Additionally, and in horrific cases, the concentration camp would rob women of their maternal instincts, driving them through starvation to eat their children. Even after returning to the confines of the concentration camp, Kim was able to escape and cross over to China again. However, what awaited her there was the unbelievable fate of being sold for KRW 2,500.

“The Han Chinese think that they can do whatever they want with you since they paid money. In spite of being born as a human being, North Korean woman are sold from one person to another. The pain that results from being sold in this manner is one that is difficult to express. The women who were not obedient had no choice to but adapt, since after being sold, they could be thrown out or left to die. You came to China because living in your motherland was no longer an option, but you still were on the receiving end of this kind of scorn and contempt. The health of these women was of no concern as they were kept up all night satisfying the sexual desires of these men.”

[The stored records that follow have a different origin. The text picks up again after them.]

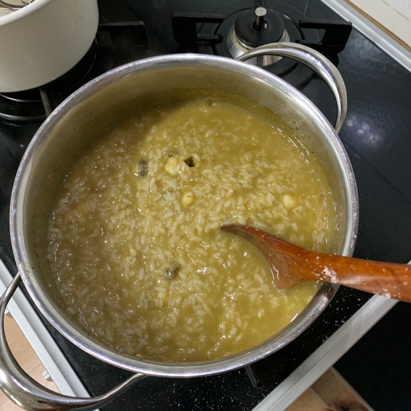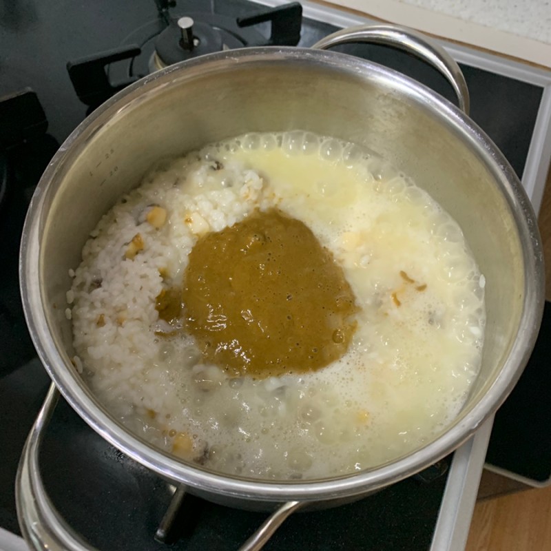 곱게 갈린 전복 내장은 곧바로 냄비에 투하 !
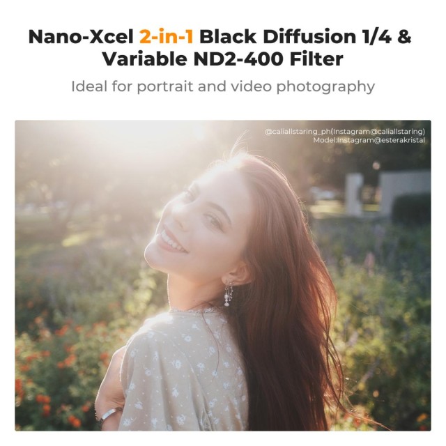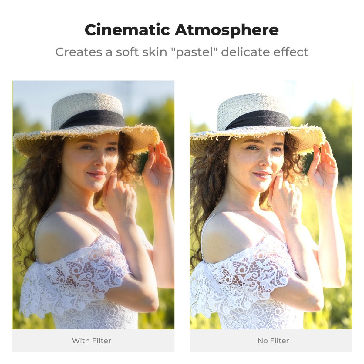 Der K&F Concept 49 mm Adjustable Black Mist 1/4 & Variable ND2–ND400 Filter kombiniert Diffusion und variable Lichtreduzierung in einem einzigen, vielseitigen Werkzeug – ideal für Fotografen und Videografen, die eine gleichmäßige Belichtungssteuerung und eine traumhafte, filmische Weichheit suchen.
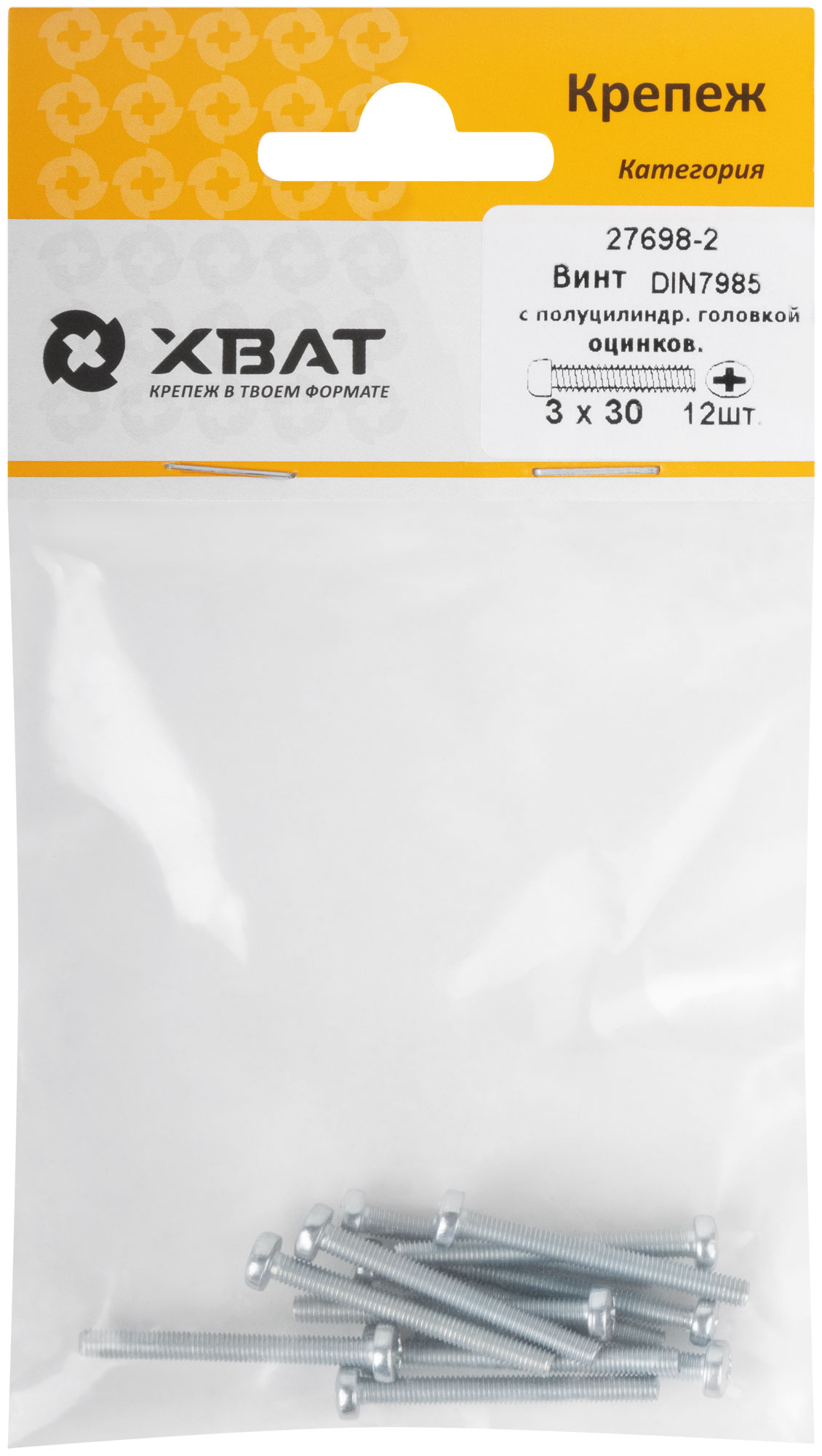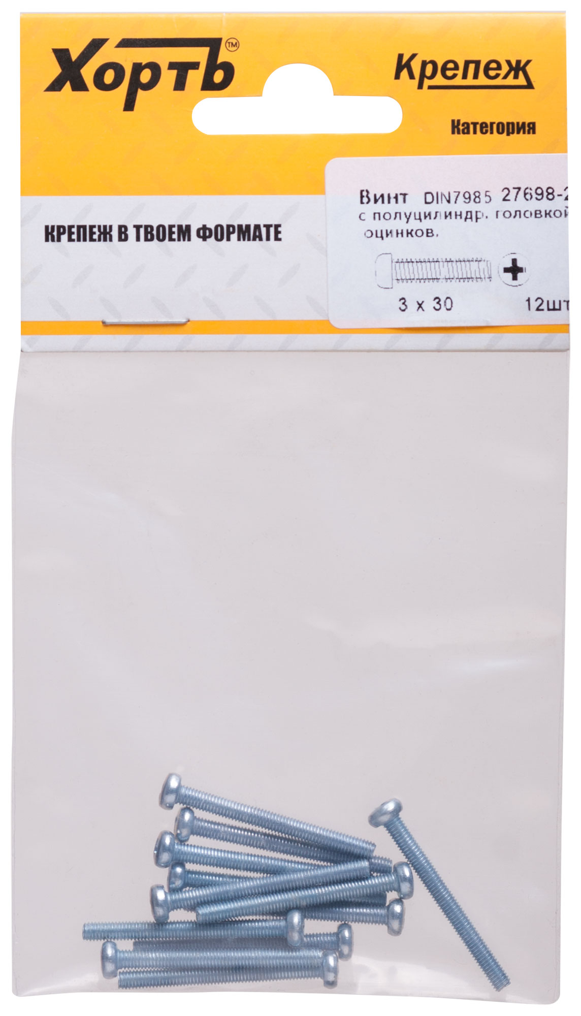 Винт с полуцилиндрич. головкой с полной резьбой оцинков. DIN 7985 3 х 30 (фасовка 12 шт.)
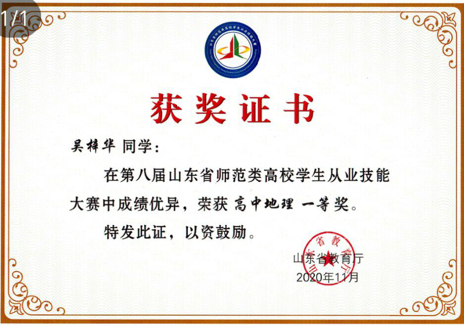 获奖情况:第八届山东省师范类高校学生从业技能大赛高中地理一等奖
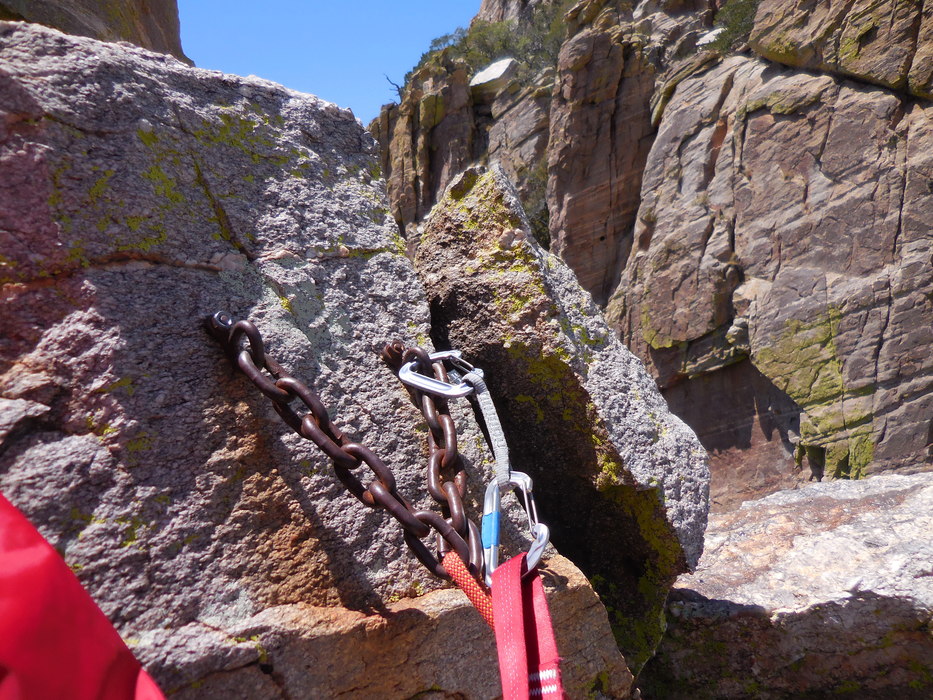 Two nice top anchors with chains, with Prominent Pt in the background
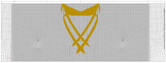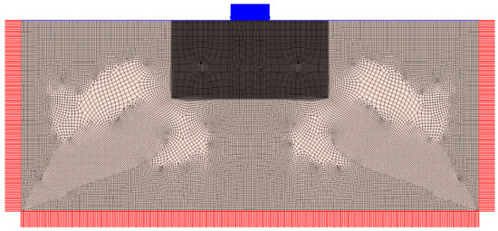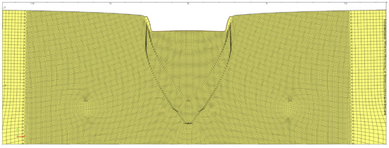For comparison, the same strip footing problem was solved using the commercial finite element program ZSoil. The analysis was performed in plane strain conditions with an elastoplastic material model based on the Mohr–Coulomb criterion. The numerical mesh contained 75,642 enhanced assumed strain (EAS) elements. In the central zone under the footing a refined mesh with 5 cm elements was applied, while outside this zone the mesh was gradually coarsened to 15 cm (see Figure 9). This discretization is free from volumetric locking because of the EAS formulation.
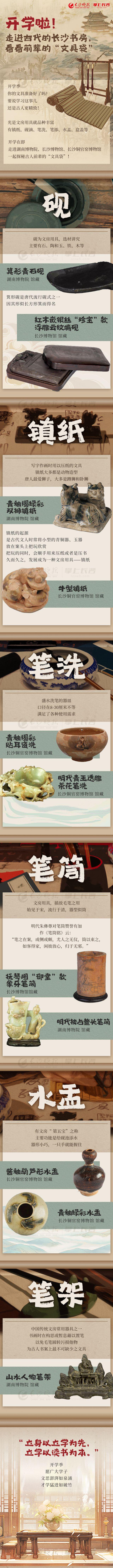 开学季,你的文具准备好了吗?要说学习这事儿,还是古人更精致!光是文房用具就品种丰富,有镇纸、砚滴、笔洗、笔掭、水盂、盒盖……开学在即,走进湖南博物院、长沙博物馆、长沙铜官窑博物馆,一起探秘古人前辈的“文具袋”!
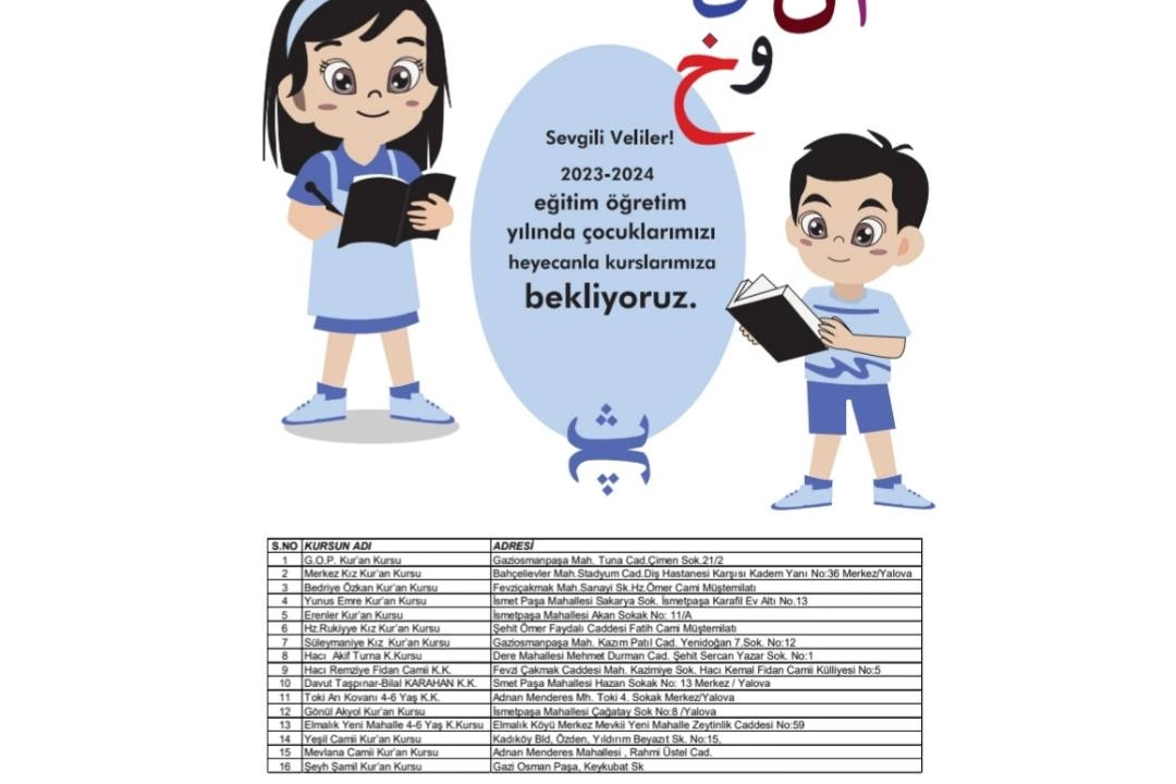 Yalova’nın çeşitli mahallelerinde gösterilecek olan kurslara müracaatlar başlatıldı. Kayıtlar 27 Temmuz 2023 tarihi itibarı ile hafta içi 09.00-13.00 saatleri arasında yapılmaya başlandı. Yalova Müftülüğü, tam gün ve yarım gün eğitimleri olan Kur’an Kurslarına 2023-2024 eğitim öğretim yılında çocukları heyecanla kurslara beklediklerini açıkladı. Kurslar hakkında bilgi almak için iletişim numarası 0226 814 50 43-Yalova İl Müftülüğü olarak belirlendi.
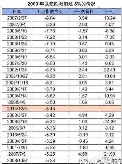 一张图透视沪指暴跌超过5%后第二天怎么走?给点信心,上次沪指14年12月19日暴跌5.43%后第二天反弹2.93%,之后一个月上涨15%。
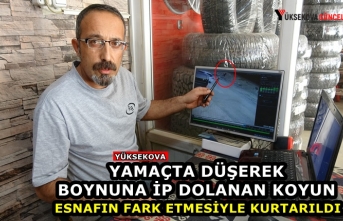 Yamaçta düşerek boynuna ip dolanan koyun bir esnaf tarafından böyle kurtarıldı

In this desperate struggle, the trip to South Korea required going to third-party countries like Laos or Thailand.

“Riding a raft from Laos, the woman beside me was caught by an alligator, which moved so fast that it was difficult to even see the reptile. In order to live, I vowed to defect again and return to China. However, to get to South Korea after China, you had to deal with narrow cliffs, mountain roads where even finding bodies was a difficult task, desert roads where losing your way was regular, and roads that were swarming with crocodiles.”

To those North Koreans whose lives are spelt out in this book, such concepts as “universal human rights” or “intervention” are out of the question when it comes to dealing with these human rights violations. This book reminds us of a truth that is beyond just being tragic; a truth that is faced by a woman who was sentenced to 28 years at a concentration camp for a crime that her grandfather, whose face she does not remember, committed and who was sold for a few thousand Korean Won for no other reason than being a North Korean woman.

Moreover, this book broaches the issue of political prisoner concentration camps in North Korea and how they warrant exhaustive investigation. The human rights violations associated to East-West Germany during the Cold War resulted in thorough inquiry, which resulted in expanding the overall legitimacy of their following unification. The attention that its human rights violations attracted was one of the components that led to the collapse of the Soviet Union.

In that vein, this memoir is pertinent and explicit evidence of the suppression of human rights by the government of North Korea and thereby contributes to the status of human rights in the DPRK.